“I know just how you feel,” Sandy assured the man in the front seat. “I have the same trouble myself.” But the laughter was out of his voice before he stopped speaking. There was a menacing quality in the persistence of those lights behind them.

As they neared Fourteenth Street the traffic began to get heavier. Soon the cab driver was able to swing in and out of the lanes of cars in a series of swift maneuvers that forced Barrack’s car to drop behind.

“That’ll hold him,” the driver said with satisfaction. “He’s pocketed now!”

“But something tells me he won’t stay pocketed,” Sandy murmured. “Even if we really lose him he could catch up with us later at your father’s apartment.”

“And if he arrives there, complete with gun, to ask what we were doing on the barge,” Ken said, “what do we tell him?
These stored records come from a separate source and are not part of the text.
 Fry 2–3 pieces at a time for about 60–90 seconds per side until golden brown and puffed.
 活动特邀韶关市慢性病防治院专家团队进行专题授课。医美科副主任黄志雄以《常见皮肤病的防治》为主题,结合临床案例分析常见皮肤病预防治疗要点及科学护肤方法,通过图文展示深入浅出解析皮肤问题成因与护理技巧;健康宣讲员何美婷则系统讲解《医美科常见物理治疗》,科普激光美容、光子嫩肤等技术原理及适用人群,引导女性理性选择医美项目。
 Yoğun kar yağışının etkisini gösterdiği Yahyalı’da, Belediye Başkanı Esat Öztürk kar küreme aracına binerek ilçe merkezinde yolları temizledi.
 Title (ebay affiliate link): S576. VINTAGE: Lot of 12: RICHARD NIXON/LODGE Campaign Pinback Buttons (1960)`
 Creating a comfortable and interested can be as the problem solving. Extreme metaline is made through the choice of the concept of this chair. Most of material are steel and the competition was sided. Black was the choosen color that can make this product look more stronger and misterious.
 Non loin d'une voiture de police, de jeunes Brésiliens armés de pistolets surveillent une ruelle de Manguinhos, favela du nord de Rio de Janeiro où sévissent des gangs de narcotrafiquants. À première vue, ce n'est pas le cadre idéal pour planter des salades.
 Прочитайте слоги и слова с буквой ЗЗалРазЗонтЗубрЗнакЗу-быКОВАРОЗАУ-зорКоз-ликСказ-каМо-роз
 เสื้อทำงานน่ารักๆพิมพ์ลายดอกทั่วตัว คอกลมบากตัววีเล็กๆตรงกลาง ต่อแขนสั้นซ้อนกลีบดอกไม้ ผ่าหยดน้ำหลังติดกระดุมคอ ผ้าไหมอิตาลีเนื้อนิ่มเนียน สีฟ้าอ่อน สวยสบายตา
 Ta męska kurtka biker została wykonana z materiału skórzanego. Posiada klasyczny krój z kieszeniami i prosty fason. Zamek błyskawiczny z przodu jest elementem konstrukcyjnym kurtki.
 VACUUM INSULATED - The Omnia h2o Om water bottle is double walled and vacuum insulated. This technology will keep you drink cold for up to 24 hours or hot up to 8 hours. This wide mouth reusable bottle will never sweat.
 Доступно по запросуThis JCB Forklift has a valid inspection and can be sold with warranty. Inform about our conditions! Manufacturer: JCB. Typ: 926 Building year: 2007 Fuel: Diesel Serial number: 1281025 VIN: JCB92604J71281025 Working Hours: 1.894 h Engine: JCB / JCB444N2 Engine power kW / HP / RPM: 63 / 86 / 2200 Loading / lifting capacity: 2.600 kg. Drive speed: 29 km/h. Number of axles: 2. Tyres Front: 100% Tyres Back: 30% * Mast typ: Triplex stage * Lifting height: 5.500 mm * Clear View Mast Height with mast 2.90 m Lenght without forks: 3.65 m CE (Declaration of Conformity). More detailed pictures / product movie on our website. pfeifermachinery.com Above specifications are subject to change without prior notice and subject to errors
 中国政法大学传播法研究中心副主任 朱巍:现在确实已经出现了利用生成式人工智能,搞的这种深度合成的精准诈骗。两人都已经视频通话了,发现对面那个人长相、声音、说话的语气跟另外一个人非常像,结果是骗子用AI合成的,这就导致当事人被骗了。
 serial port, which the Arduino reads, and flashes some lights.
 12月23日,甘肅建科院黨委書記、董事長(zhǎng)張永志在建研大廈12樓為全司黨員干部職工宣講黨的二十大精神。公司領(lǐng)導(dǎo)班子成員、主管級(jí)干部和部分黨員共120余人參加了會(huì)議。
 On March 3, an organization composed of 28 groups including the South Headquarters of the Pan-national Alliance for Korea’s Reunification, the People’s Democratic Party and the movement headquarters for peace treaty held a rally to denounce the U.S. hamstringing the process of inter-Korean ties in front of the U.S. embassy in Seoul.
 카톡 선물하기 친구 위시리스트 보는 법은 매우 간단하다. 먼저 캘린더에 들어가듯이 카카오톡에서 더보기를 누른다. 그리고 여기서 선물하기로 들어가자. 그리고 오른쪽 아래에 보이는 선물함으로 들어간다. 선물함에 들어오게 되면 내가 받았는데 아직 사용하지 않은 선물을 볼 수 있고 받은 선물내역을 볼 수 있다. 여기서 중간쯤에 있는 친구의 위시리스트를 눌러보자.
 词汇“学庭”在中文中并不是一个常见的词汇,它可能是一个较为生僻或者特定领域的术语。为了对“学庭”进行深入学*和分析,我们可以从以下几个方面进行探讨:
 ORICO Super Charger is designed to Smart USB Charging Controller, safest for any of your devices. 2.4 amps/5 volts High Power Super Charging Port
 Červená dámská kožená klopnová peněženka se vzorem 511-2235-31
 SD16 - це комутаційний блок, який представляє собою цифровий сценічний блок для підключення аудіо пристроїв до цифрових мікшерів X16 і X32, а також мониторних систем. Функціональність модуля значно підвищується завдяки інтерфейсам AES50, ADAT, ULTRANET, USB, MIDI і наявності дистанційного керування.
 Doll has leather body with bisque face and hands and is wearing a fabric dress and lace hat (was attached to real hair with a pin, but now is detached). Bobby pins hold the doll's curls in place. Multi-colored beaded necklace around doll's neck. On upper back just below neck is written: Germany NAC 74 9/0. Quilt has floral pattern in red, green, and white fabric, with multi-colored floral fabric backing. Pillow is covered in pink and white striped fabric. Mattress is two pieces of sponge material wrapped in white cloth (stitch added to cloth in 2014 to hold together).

That we were just out for a moonlight stroll along the river?”

“We ask him what he was doing there.”

“And of course he’d tell us,” Ken said sarcastically.

“Of course.” Sandy laughed shortly. “Everything about him so far has been absolutely straightforward—the way he came to your father’s apartment, the way he told us he didn’t know Grace, the way he left that package for Grace to pick up—” He broke off angrily. “I’m certainly beginning to be mighty curious about that man. But I don’t see how we can learn much more about him, now that he’s got us spotted. If we turn up in his way again—”

“I’ve got an idea!” Ken leaned forward to speak to the driver. “We changed our minds. Take us to the Pennsylvania Station instead.”

“What? Penn Station?” The driver glanced around in surprise. “But I thought you were in such a hurry to get to Radio City.”